(Not about Facebook. Once upon a time, I'd "tag" posts in the title, like "BSG:" for Battlestar Galactica, or "Cheese Sandwich:" for mundane posts. I digress.)
Blogging about blogging goes in waves, I think. It's a Conway thing. Someone posts something about blogging on their blog, they have enough followers in proximity that it gets picked up, those bloggers, in turn, have bloggers that pick it up, etc., etc.
Anyway, this popped up in my feed this morning, and here I am being a dutiful blogular automaton, linking to the thing he was linking to.

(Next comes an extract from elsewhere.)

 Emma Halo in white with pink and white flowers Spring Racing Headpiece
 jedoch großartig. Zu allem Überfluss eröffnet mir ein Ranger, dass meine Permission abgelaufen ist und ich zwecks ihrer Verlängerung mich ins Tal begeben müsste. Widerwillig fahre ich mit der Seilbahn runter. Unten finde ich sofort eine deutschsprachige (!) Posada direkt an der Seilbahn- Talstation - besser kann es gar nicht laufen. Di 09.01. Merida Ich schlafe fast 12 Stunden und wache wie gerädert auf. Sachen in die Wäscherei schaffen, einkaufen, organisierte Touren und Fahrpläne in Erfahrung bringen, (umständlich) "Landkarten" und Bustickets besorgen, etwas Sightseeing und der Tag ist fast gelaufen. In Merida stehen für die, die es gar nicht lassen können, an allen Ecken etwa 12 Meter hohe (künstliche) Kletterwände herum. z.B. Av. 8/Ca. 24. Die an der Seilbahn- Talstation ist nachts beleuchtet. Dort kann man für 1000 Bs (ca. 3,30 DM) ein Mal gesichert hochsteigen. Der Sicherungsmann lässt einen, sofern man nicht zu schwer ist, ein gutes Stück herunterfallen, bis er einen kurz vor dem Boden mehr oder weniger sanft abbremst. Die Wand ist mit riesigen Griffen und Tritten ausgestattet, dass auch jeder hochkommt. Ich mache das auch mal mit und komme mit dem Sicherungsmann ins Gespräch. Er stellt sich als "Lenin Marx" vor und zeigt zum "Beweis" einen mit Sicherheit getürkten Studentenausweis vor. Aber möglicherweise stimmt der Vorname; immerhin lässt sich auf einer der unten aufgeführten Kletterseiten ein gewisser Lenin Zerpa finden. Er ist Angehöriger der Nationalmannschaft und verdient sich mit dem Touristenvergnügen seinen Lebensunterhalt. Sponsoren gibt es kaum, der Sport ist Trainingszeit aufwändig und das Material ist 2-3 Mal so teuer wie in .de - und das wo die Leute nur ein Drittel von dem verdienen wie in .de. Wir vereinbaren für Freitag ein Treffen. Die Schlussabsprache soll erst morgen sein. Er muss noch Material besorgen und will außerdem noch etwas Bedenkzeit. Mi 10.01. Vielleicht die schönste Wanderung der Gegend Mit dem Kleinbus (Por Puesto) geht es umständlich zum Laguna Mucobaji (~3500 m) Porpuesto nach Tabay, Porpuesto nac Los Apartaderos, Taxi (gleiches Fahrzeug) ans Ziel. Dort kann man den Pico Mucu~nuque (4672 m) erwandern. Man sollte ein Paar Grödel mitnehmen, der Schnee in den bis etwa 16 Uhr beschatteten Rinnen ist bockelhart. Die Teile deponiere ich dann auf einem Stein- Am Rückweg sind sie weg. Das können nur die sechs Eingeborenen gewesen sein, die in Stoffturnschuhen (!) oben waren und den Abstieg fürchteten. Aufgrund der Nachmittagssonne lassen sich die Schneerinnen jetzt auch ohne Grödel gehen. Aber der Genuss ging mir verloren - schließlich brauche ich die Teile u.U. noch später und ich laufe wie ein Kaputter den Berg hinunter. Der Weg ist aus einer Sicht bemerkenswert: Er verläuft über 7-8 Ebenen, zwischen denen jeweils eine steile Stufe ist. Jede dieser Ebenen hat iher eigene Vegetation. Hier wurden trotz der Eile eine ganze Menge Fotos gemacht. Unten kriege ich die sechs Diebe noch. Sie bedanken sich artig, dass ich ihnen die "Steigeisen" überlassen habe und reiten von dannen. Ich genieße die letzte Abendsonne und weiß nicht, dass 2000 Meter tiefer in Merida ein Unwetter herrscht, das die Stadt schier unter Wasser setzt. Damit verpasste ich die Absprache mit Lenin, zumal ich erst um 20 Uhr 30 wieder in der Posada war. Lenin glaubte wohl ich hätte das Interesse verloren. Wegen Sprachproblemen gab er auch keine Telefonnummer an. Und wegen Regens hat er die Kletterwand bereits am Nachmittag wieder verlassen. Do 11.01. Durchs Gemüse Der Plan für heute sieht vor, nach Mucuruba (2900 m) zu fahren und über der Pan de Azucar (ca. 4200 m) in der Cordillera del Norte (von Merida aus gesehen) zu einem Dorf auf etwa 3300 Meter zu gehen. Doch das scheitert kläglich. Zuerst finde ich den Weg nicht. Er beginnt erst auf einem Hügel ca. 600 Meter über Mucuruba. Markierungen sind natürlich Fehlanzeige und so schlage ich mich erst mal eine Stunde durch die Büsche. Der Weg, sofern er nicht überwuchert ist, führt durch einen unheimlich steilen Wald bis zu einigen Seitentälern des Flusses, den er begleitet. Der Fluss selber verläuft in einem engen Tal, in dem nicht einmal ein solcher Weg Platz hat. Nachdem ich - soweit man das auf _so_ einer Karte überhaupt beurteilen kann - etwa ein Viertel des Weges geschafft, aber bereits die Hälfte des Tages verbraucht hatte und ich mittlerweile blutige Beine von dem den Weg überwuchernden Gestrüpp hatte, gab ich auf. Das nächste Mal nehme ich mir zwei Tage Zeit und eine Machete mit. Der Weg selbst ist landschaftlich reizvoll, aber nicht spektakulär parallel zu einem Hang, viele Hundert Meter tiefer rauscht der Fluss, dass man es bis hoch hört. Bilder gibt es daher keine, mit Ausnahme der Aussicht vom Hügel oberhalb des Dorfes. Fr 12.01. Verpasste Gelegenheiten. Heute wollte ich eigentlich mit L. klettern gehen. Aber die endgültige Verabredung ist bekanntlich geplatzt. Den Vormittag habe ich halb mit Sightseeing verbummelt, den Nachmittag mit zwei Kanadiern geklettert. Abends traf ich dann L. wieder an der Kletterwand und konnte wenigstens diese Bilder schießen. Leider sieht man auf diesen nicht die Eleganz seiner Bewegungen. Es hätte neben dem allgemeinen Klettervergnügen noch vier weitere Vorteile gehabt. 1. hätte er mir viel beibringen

Has anyone ever explored blogging as a cocktail party? I'm pretty sure it's been done as a salon. Some people want to be the center of attention. Some people are the center of attention. Most of us just don't want to stay home, and we enjoy watching people, or meeting people, seeing old friends.

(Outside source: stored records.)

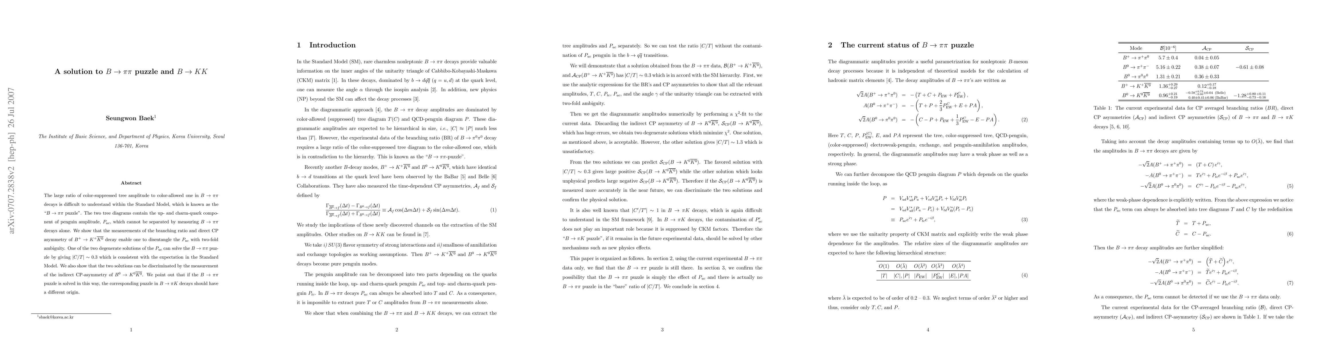 This paper proposes a solution to the "$B \to \pi\pi$ puzzle" by disentangling the penguin amplitude $P_{uc}$ using measurements of $B^+ \to K^+ \bar{K^0}$ decay. It suggests that one of two solutions can resolve the puzzle, while the other can be distinguished via indirect CP-asymmetry measurements in $B^0 \to K^0 \ol{K^0}$ decays.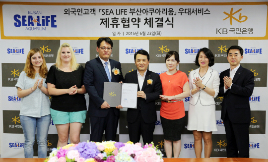 KB국민은행(은행장 윤종규/www.kbstar.com)은 23일 오후 SEA LIFE 부산아쿠아리움과 외국인 고객에 대한 차별화된 맞춤 우대서비스 제공을 위해 제휴 협약을 체결했다.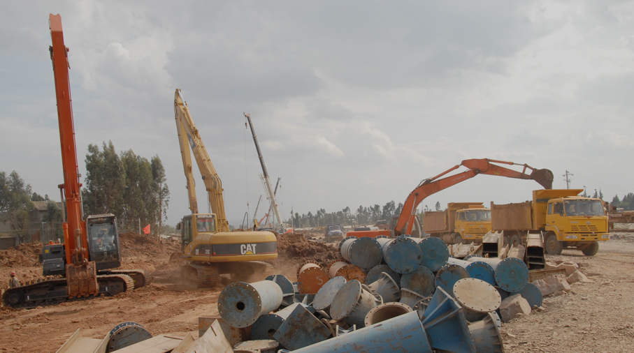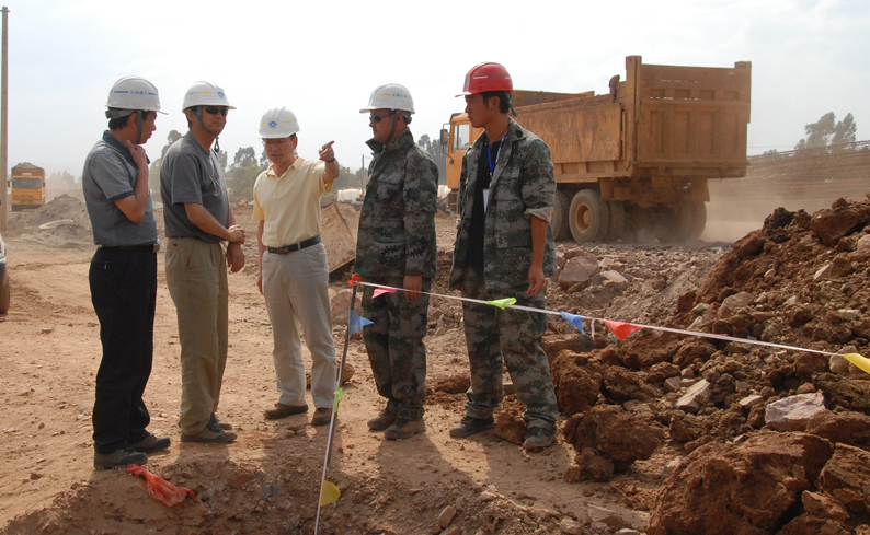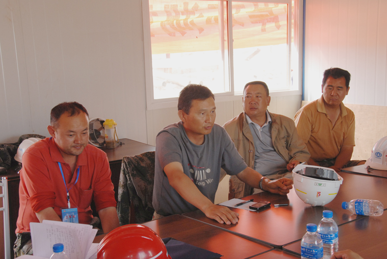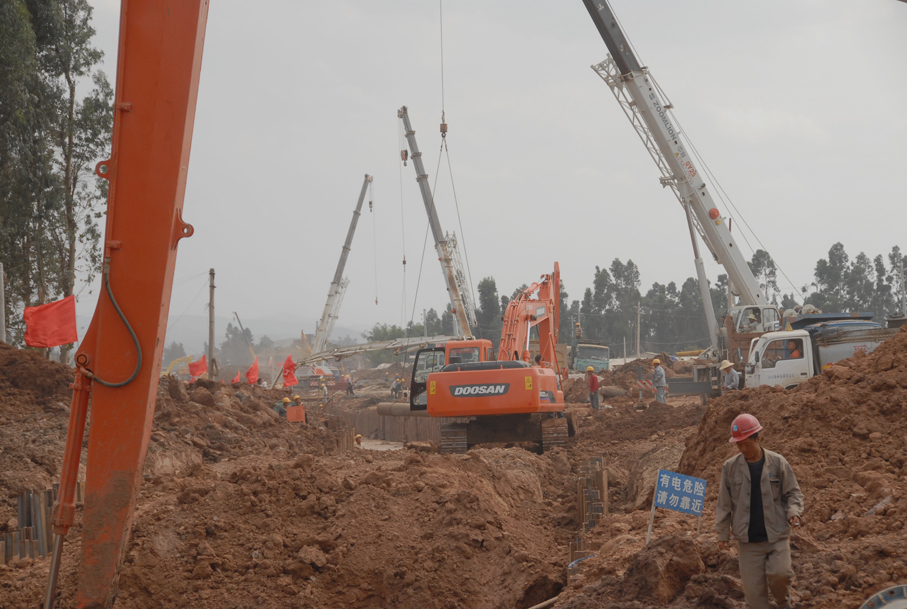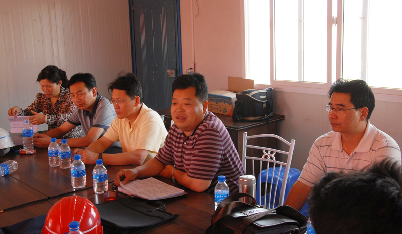 公司副總經(jīng)理兼第三直管部經(jīng)理段培勇介紹了工程施工組織管理情況。該工程的工期十分緊張,從4月6日根據(jù)建工集團(tuán)要求緊急進(jìn)場增援施工以來,五建公司第三直管部、五建市政工程公司以及近日進(jìn)場的503直管部一直晝夜施工,連續(xù)奮戰(zhàn),沒有休過一天的節(jié)假日。工程場地非常狹窄,幾乎天天都要為尋找堆土場地費(fèi)盡心思,還要花費(fèi)大量精力協(xié)調(diào)與當(dāng)?shù)卮迕竦年P(guān)系。在整個(gè)工程施工中,不僅與集團(tuán)內(nèi)兄弟單位展開無形中的勞動競賽,而且還要與國字號的專業(yè)隊(duì)伍同臺競技。參建同志決心為公司和集團(tuán)榮譽(yù)全力一搏,以優(yōu)秀的建設(shè)業(yè)績報(bào)答上級的信任。針對施工現(xiàn)場地處低洼排水不暢、淤積泥土極其松軟的地質(zhì)條件,提出了分工合作、協(xié)同作戰(zhàn),搶在雨天到來之前全力拼搏搶進(jìn)度的工作思路。

I like to think that sometimes the "content," at least about things we're passionate about, may contribute to some net vector sum of what passes for "social thought." The zeitgeist. It feels like ranting into the void to no discernible effect, but who knows, really? Maybe it's not.
Chris O'Donnell (Who shares a name with one of my classmates in my company at USNA, also an ocean engineer.) wrote yesterday, "I've spent a lot of time over the last 20+ years writing a lot of words that were read by not many people."
To which I reply, I've got you beat! 456,424 words read by not many people!
Which doesn't include the >900K words in Groundhog Day. (May its memory be a blessing.) And who knows how many words in Time's Shadow. The marmot's been predicting the weather since 1999.
I guess it's all just "for the hell of it." We do it because we can. Because it does something; that we would feel less about ourselves somehow if we didn't. Maybe that's just ego.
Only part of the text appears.